Culture, in other words, is everything – in the literal sense – that a company is. Every decision, every activity, every product, every message and every hire is both driven by and representative of an organization’s culture.
In the startup world in particular, culture can be a competitive weapon, a means of asymmetrically competing with larger, better resourced competitors.
If you’re a cash poor startup, you need more than equity to recruit against cushy, well paying gigs with Big Co. Culture is, at least in theory, an asset that differentiates a startup from other opportunities. On the one hand, Big Cos offer stability, good money and real benefits. On the other, startups have higher theoretical upside from a compensation standpoint – but that’s not enough. Enter culture.
Most large company cultures, if they were ever employee-centric, eventually find that that scales poorly. Which is, as an aside, why so many startups that grow past the point of being a startup have significant HR issues. For the smaller startups, however, perks that might not scale to a large organization become a selling point. Startup culture, in other words, is by its very nature intended not just to run a business, but to serve as a recruitment tool.
Which is intrinsically neither good nor bad, in my view. Culture, in this sense, is just a tool. The problem is that while startup culture is designed to appeal to potential employees, what appeals to one employee may be unappealing or impractical for another. And when the fact that one aspect is unappealing or impractical is used as an organizational filter, under the banner of ‘hiring for culture fit,’ you have a problem. Hiring only people like you is not a great approach, for reasons that are hopefully obvious. Worse, it’s both an insidious problem to identify and one that can be difficult to remedy. If a majority of employees have bought into, and to some extent signed up for, an aspect of a given culture that may need to be scaled back or deprecated entirely, they are likely fight it.
All of that being said, I don’t believe Meyer’s answer – “Stop using ‘culture fit’ ” – is necessarily the correct approach. The obvious risk, of course, is throwing the baby out with the bathwater. Instead, it’s important to be absolutely clear on which aspects of your culture – specifically – are being considered during the hiring process.
At RedMonk, for example, alcohol is to some extent a part of our culture. Not in the way that it is for startups, because none of us work in the same city. But in the Monktoberfest and Monki Gras, at least, we deliberately incorporate craft beer into the experience. But while we tried to have some fun with our job description, we have never and will never consider whether someone drinks, or what they drink (even if it’s major domestics), as part of the hiring process. Because it’s simply not relevant to being an analyst, and therefore will never be a part of how we evaluate a candidate for that role.

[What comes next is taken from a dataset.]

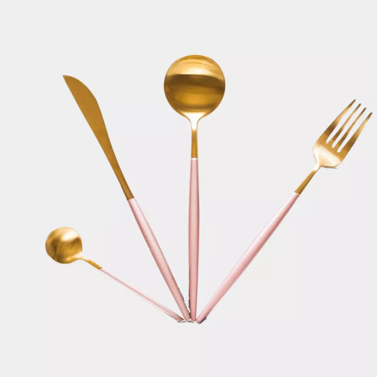 دعي الفخامة تكون عنواناً لتفاصيل مائدتكِ واختاري أدوات طعام بتصميم GOA، والتي تتميز بألوانها الراقية وتصميمها العريق. سيضيف اللون الوردي المتناسق مع الذهبي مستوى جديد من الفخامة والأناقة على مائدتكِ. تتكون مجموعة أدوات الطعام من:

There are cultural aspects, however, that are critical to us. Personality, for example, is important. Whether someone fits into our distributed culture, for example, is very relevant to us, as is our estimation of how they will in the cultural sense represent RedMonk while at events, with clients and so on. The most crucial cultural consideration, however, is whether a candidate believes in what we do. While we are not blind to other lenses, we are passionate about the importance of developers at RedMonk and believe that this underpins the work that we produce. If someone lacks that same passion, they probably aren’t a great fit for us.
There seems to be little question, ultimately, that hiring for “culture fit” can be a mistake, one that reinforces organizational stereotypes and limits organizational diversity. As someone put it to me recently, when you hire your friends, you’re likely to look around eventually and realize that a number of them were hired just because they were your friends, not on their merits – and they’re simply happy to be there. Which is a problem for everyone.
But removing “culture fit” from the equation entirely seems to be an over-rotation in the opposite direction, one that may lead to the hire of employees who are legitimately poor fits for one reason or another.
Instead of dismissing ‘culture fit’ entirely, then, the best approach seems to be to whittle down the huge, unmanageably broad definition of culture down to just those few characteristics that do matter. There are many more aspects of a given culture that don’t matter than do, and should have no impact on hiring. But there are always a few that should play a role, so understanding what those are and being explicit about them is key.